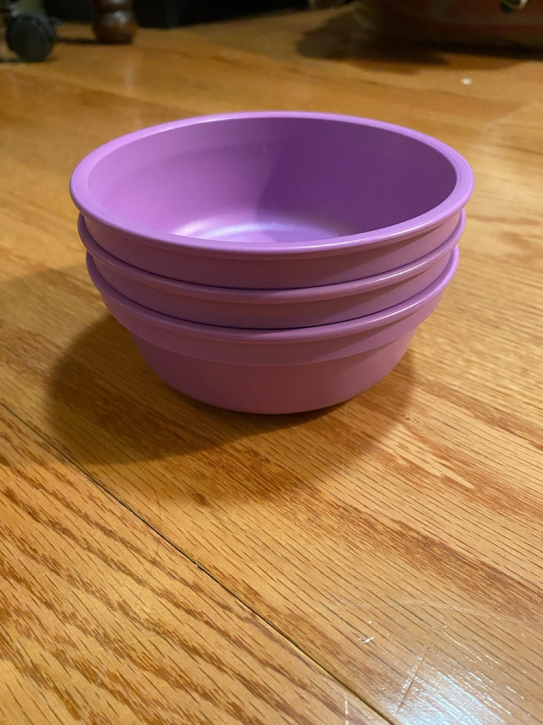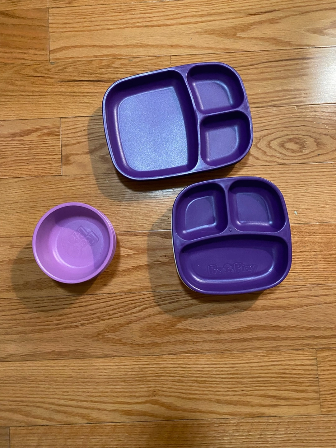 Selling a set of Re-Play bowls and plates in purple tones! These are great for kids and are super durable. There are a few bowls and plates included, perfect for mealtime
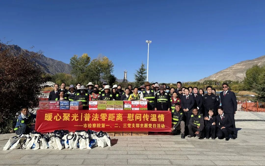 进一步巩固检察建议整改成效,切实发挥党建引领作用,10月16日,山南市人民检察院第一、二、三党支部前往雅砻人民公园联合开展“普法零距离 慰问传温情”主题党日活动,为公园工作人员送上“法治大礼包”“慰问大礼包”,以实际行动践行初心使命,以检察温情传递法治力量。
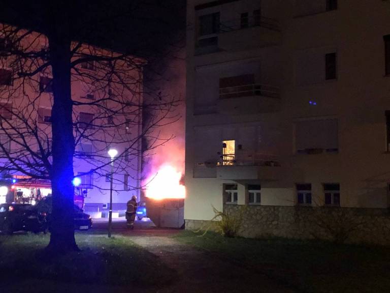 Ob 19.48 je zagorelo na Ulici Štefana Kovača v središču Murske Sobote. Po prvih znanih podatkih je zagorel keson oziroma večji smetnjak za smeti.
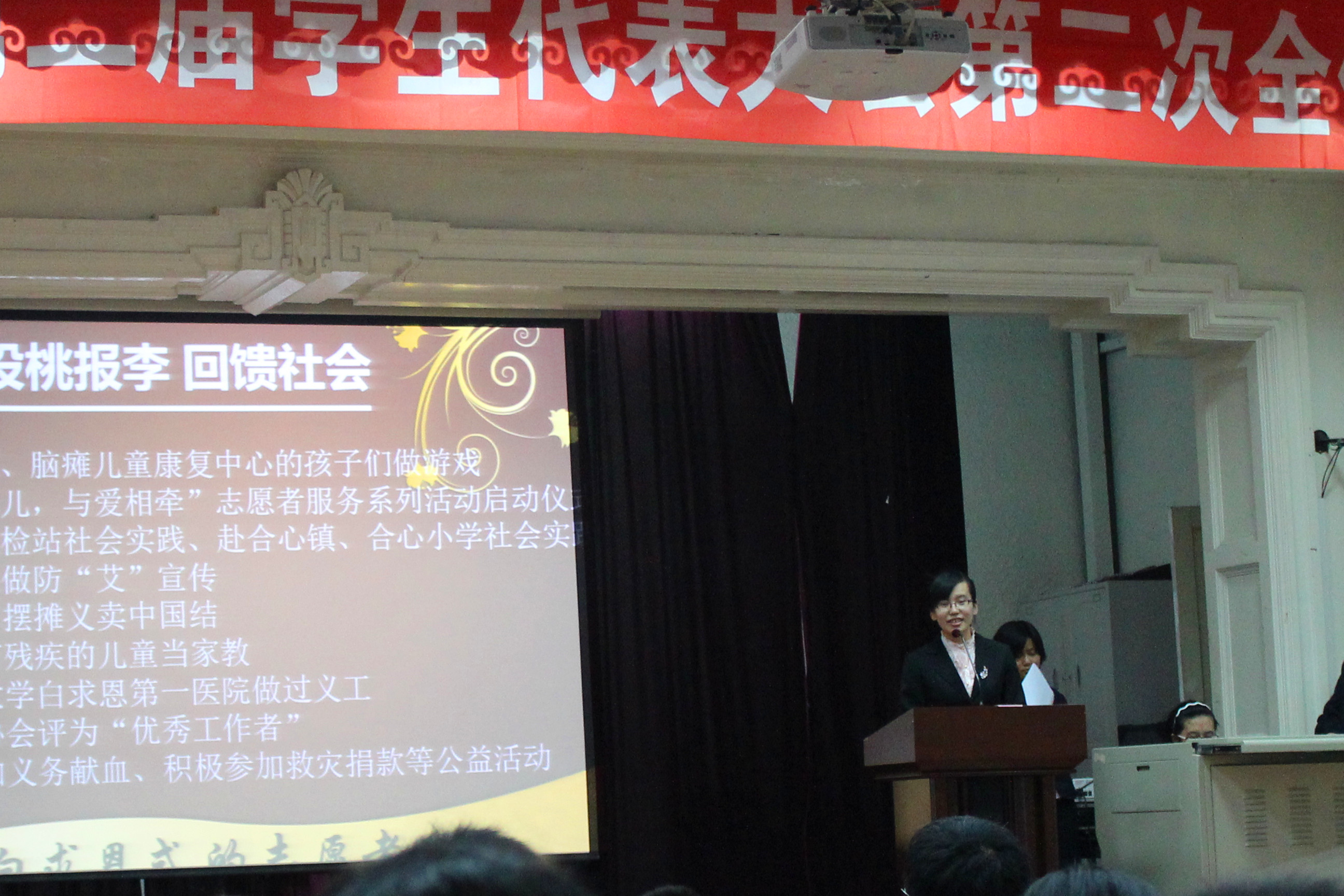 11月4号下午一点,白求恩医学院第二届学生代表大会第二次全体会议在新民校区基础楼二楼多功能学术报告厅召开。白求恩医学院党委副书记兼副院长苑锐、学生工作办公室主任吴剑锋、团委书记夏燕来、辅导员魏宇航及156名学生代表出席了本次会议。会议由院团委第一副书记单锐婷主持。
---
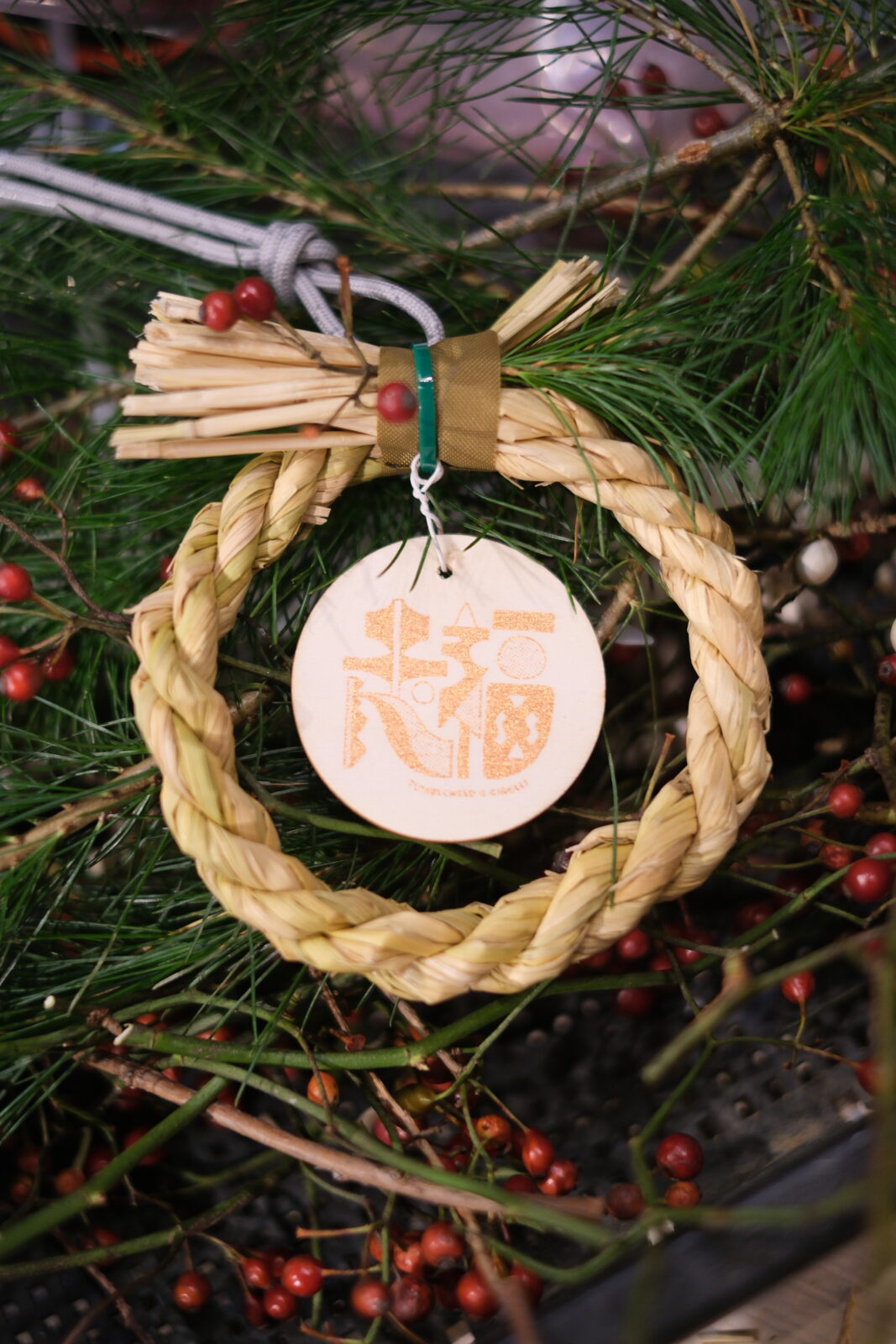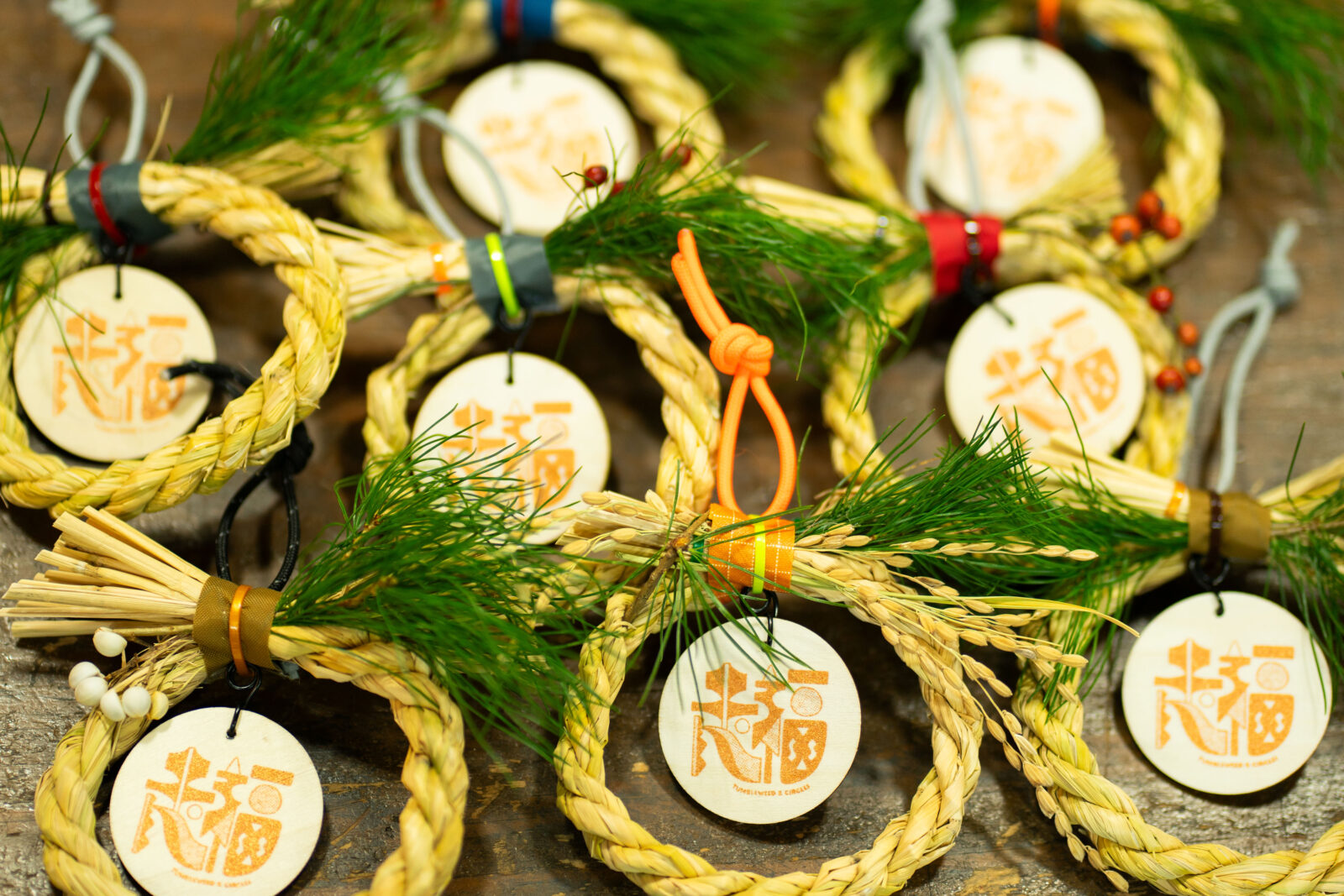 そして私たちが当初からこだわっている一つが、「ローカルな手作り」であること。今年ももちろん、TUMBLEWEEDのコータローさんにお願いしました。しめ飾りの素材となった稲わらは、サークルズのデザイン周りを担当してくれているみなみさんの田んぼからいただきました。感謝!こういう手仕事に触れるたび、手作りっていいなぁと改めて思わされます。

▸ Task to carry out
Lines wanted from the entries above: the one with "Selling a set", the one with "进一步巩固检察建议整改成效,切实发挥党建", and all lines between. Please copy them exactly, without the pictures and without anything else.

▸ Written reply
 Selling a set of Re-Play bowls and plates in purple tones! These are great for kids and are super durable. There are a few bowls and plates included, perfect for mealtime
 进一步巩固检察建议整改成效,切实发挥党建引领作用,10月16日,山南市人民检察院第一、二、三党支部前往雅砻人民公园联合开展“普法零距离 慰问传温情”主题党日活动,为公园工作人员送上“法治大礼包”“慰问大礼包”,以实际行动践行初心使命,以检察温情传递法治力量。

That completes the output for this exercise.